Watching them together is like an infuriating yet wonderful puzzle to solve. One wonders how they ever came up with any eminently listenable music, at all, given their penchant for sitting around silently smoking and occasionally snarking at each other. It’s even more difficult to imagine them as physical intimates; theoughout a four-year marriage and a longer courtship, there is no footage or picture of them sharing more than a hug or a peck on the cheek (perhaps to do with their brother-sister gimmick).
Sometimes I also ponder whether they’ll end up back together, again. Jack never gave back Meg’s surname (he is John Anthony Gillis, by birth); half of his solo material speaks of intractable tough femmes who won’t take him back, and,; he constantly namechecks Meg - and how much he misses her - in press.

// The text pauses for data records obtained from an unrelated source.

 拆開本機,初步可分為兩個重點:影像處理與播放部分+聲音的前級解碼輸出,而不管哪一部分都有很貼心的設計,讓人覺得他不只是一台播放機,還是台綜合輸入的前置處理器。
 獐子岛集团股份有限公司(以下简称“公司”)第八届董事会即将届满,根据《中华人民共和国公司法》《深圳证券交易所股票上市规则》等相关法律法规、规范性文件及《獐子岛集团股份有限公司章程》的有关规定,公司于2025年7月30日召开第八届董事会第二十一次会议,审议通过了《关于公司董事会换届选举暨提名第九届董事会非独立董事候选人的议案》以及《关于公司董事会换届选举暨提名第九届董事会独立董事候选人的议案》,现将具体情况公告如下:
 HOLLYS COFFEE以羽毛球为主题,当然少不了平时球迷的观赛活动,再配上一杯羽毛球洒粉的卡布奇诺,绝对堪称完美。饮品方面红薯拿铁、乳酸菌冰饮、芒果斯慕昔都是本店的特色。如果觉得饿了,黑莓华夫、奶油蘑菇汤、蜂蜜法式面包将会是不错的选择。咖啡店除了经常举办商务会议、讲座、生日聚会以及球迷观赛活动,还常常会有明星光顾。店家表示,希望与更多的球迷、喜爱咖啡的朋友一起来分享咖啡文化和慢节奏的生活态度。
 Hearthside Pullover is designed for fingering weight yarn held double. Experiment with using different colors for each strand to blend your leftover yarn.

Plus his marriage to his doting and less mulish second wife fell to pieces in short order, and didn’t seem to trouble him by comparison to the breakup of his relationship with Meg.

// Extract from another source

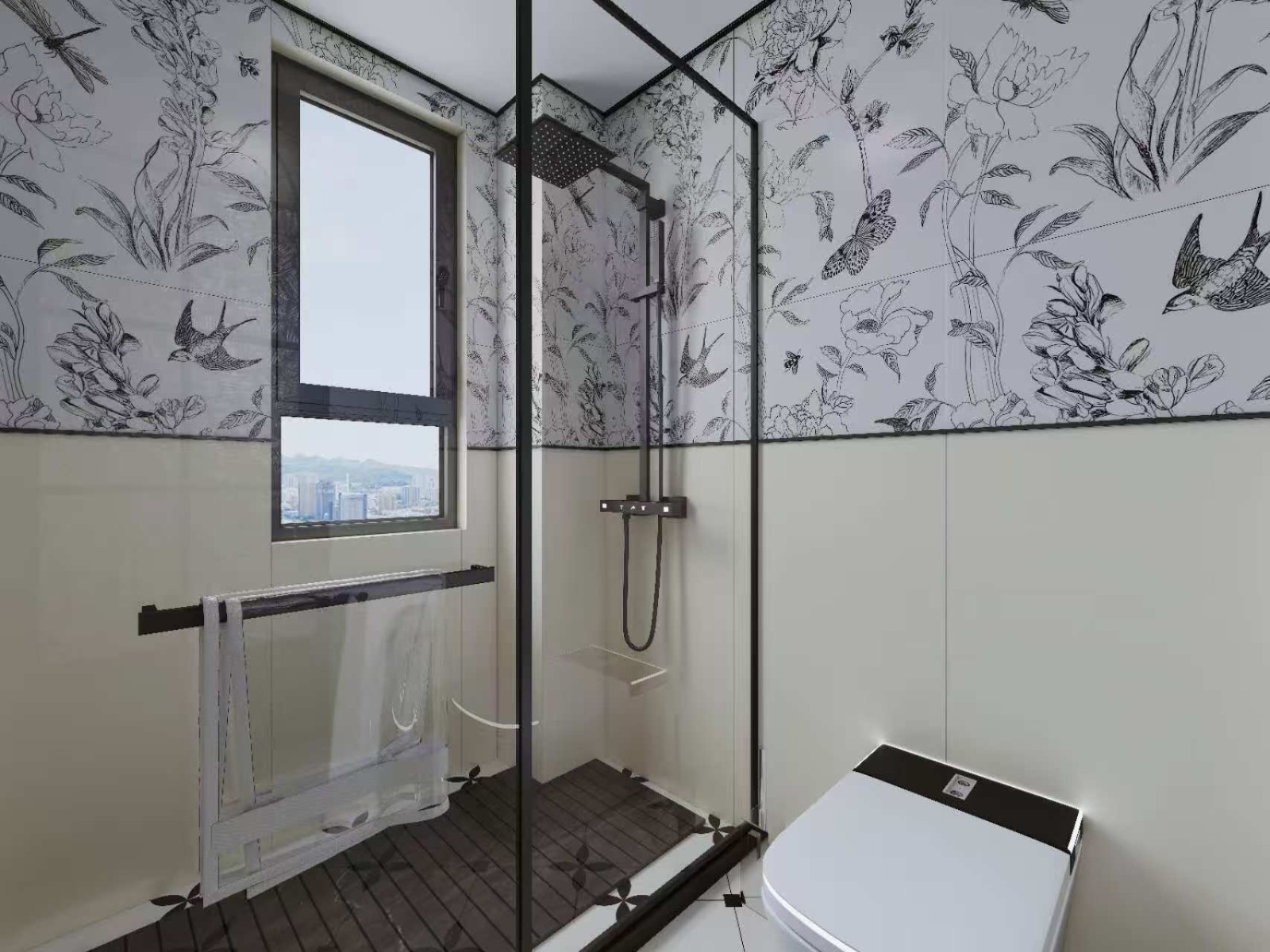 设计个性复古,黑白花卉纹理瓷砖铺贴别具特色。黑色淋浴装置与智能马桶提升使用体验,玻璃淋浴房实现干湿分离,整体空间利用高效,细节处彰显法式复古的设计理念。

On Meg’s end, of course no-one really knows what she’s doing or what she thinks and wants, only that she crept back to Detroit and stayed there in obscurity, despite being to go anywhere and do anything with her credibility (even musically). Both of their collapsed marriages lasted the exact same number of years, coincidentally. I’m not much of a romantic usually, nor do I care about famous people, but even I think there’s some unfinished business there on both sides.

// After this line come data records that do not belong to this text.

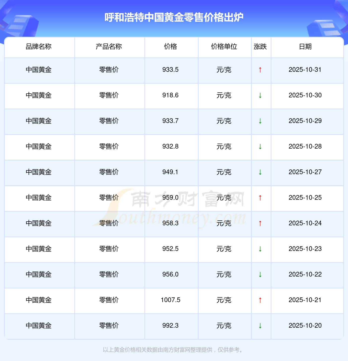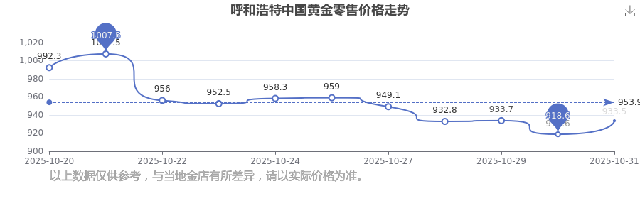 今日(2025年11月2日),933.5元/克是呼和浩特中國黃金零售價的價格標(biāo)準(zhǔn)。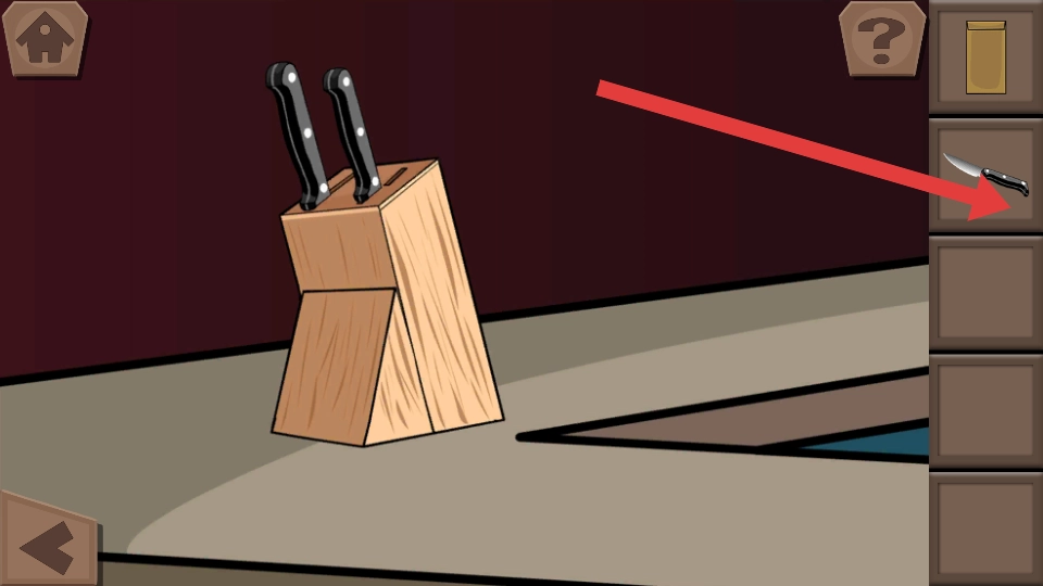 3、解刀具,观察刀具架缺口,尝试组合刀具或用线索匹配,触发隐藏的机关,拿到道具。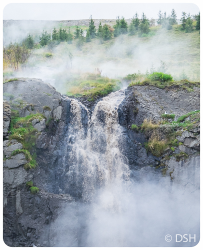 After breakfast, we drove northeast to see Dettifoss, considered to be the most powerful waterfall in Europe (one in Norway has greater average water flow, but is half the height). Our 2.5 km loop, over black lava paths in the rain, included Selifoss, a smaller, scenic waterfall.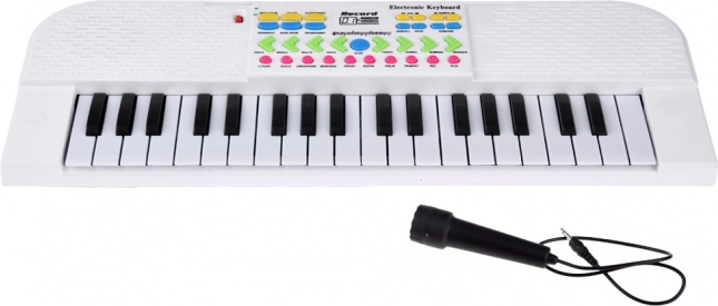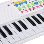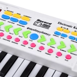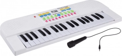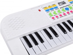 Elektronický klávesník je ľahký a vyrobený z plastu, čo zaručuje jednoduchú manipuláciu pre deti. Vďaka farebným ovládacím tlačidlám je použitie intuitívne.

And they fit perfectly together on screen and on stage. It’s some sort of 5D magic and chemistry. Who else could these people realistically shack up with for life?
by Anonymous | reply 2 | September 22, 2020 8:16 PM |
I loved 7 nation army. Post Jack she found herself a Jackson. They split too.
by Anonymous | reply 3 | September 22, 2020 8:30 PM |
Well it’s not like she can get work as a drummer.
She’s shit.
by Anonymous | reply 4 | September 22, 2020 8:45 PM |
R4 there’s a difference between being a player with musicality and being a technical musician, just as there is between being a storyteller and being a technical writer, or being an artist and being an artisan by trade.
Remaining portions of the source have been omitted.